Pierwszy dzień maja w PRL-u kojarzył się przede wszystkim z miejskimi pochodami. W taki sposób czczono Święto Pracy. Druga część dnia przeznaczona była na wypoczynek, głównie na świeżym powietrzu. Wówczas całe rodziny wyjeżdżały autobusami i pociągami za miasto, nad jezioro, rzekę, do lasu, na pikniki, biwaki przy ognisku i festyny. Te ostatnie organizowała władza komunistyczna. Były występy artystyczne, konkursy z nagrodami, turnieje sportowe, stragany odpustowe, a do jedzenia i picia wszystko to, co nie było dostępne na co dzień:czekolada, chałwa, szynka w konserwie, pomarańcze, wata cukrowa, kiełbaski z rusztu, lody Bambino czy woda z saturatora z dodatkiem soku i bąbelków.
Piknik w klimacie PRL
Podróż w czasie i namiastkę majówki z minionej epoki można było poczuć w środę, 1 maja, na molo w Sępólnie Krajeńskim. Był to taki piknik w klimacie PRL. Tam na przystani żeglarskiej i wokół amfiteatru atrakcją było kilkadziesiąt zabytkowych samochodów i innych pojazdów, którymi pochwalić się może miejscowe Pomorskie Okręgowe Muzeum PRL.

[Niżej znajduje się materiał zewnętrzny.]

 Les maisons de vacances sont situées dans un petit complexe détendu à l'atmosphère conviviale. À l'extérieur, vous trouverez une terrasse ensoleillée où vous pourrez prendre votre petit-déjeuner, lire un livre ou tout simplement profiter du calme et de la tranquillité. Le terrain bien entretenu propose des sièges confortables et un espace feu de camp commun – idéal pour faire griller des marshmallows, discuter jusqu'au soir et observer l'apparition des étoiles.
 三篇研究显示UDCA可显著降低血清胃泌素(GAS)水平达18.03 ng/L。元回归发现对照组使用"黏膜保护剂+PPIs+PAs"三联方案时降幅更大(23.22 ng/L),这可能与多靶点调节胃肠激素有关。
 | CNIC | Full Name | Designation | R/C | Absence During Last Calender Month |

Zwiedzający mogli zobaczyć motoryzacyjne perełki, które z pewnością kryje jeszcze niejedna stodoła czy garaż. Czar minionej epoki roztaczały: fiaty 125 p, w tym milicyjny fiat, polonez, czechosłowacka skoda, niemieckie DKW F8 Cabrio, Anglia de luxe, Auto Union, jugosłowiańska zastava i inne klasyki PRL.

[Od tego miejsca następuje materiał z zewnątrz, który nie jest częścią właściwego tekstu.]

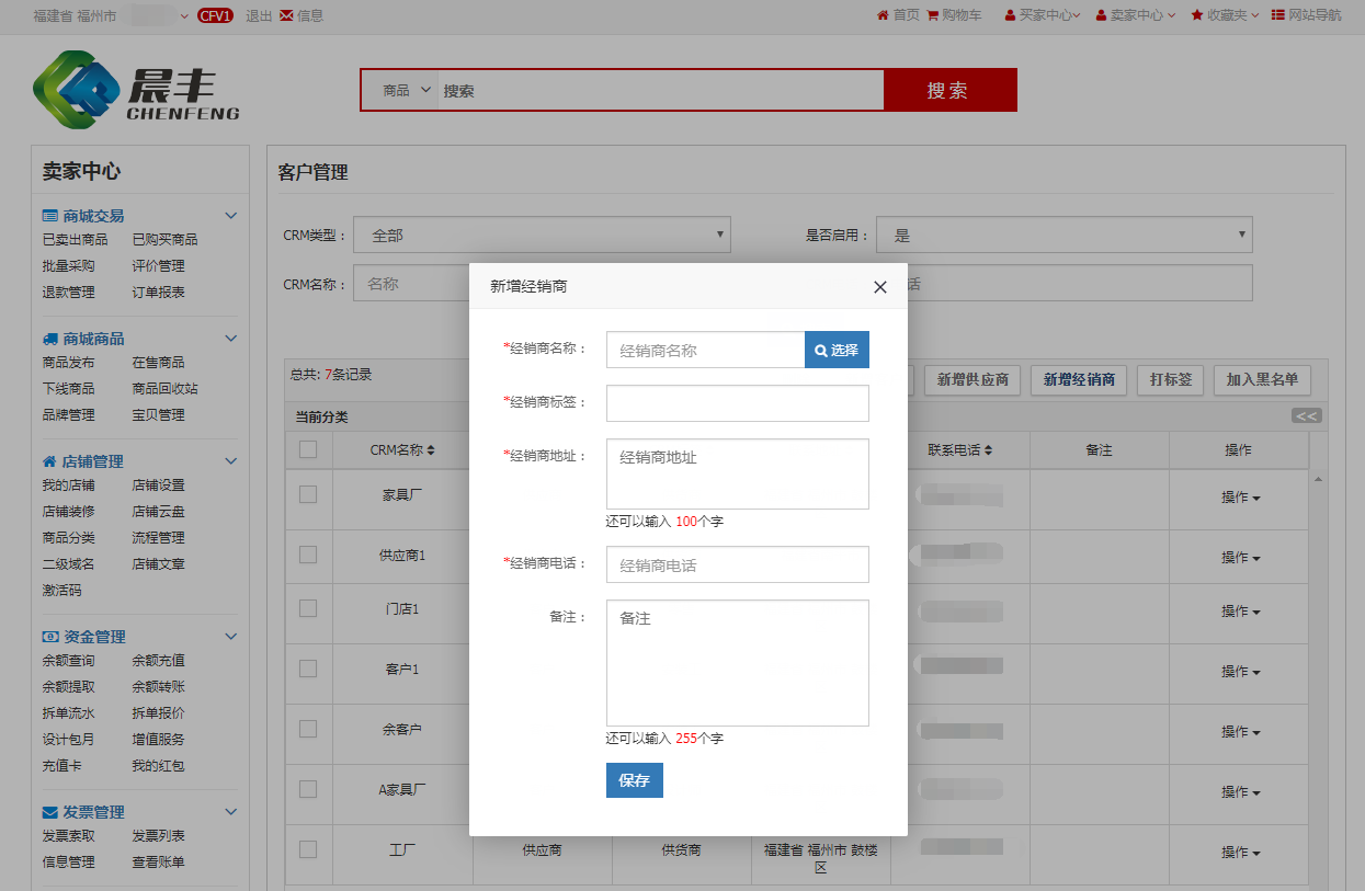 在客户管理中,点击新增经销商按纽

Nie był to tradycyjny Zlot Pojazdów Zabytkowych organizowany przez POM PRL, ale kameralne spotkanie miłośników klasycznej motoryzacji. Każdy mógł przyjść, podziwiać, pochwalić się i porozmawiać o pięknie zachowanych zabytkowych pojazdach. Jak widać, mimo iż nowinki technologiczne sprawiają, że na rynku motoryzacyjnym pojawiają się coraz szybsze i nowocześniejsze pojazdy, okazuje się że siła jest także w tradycji. Zabytkowe klasyki wciąż cieszą się sporą popularnością.
Smak peerelowskiego lata można było poczuć za sprawą wody sodowej z saturatora z dodatkiem soku oraz grillowanych przysmaków. Kogo nie interesowały atrakcje, mógł po prostu usiąść na leżaku z książką w ręku i wygrzewać się w niemal letnim słońcu. Imprezę zwieńczyła wieczorna dyskoteka w klimacie lat 80.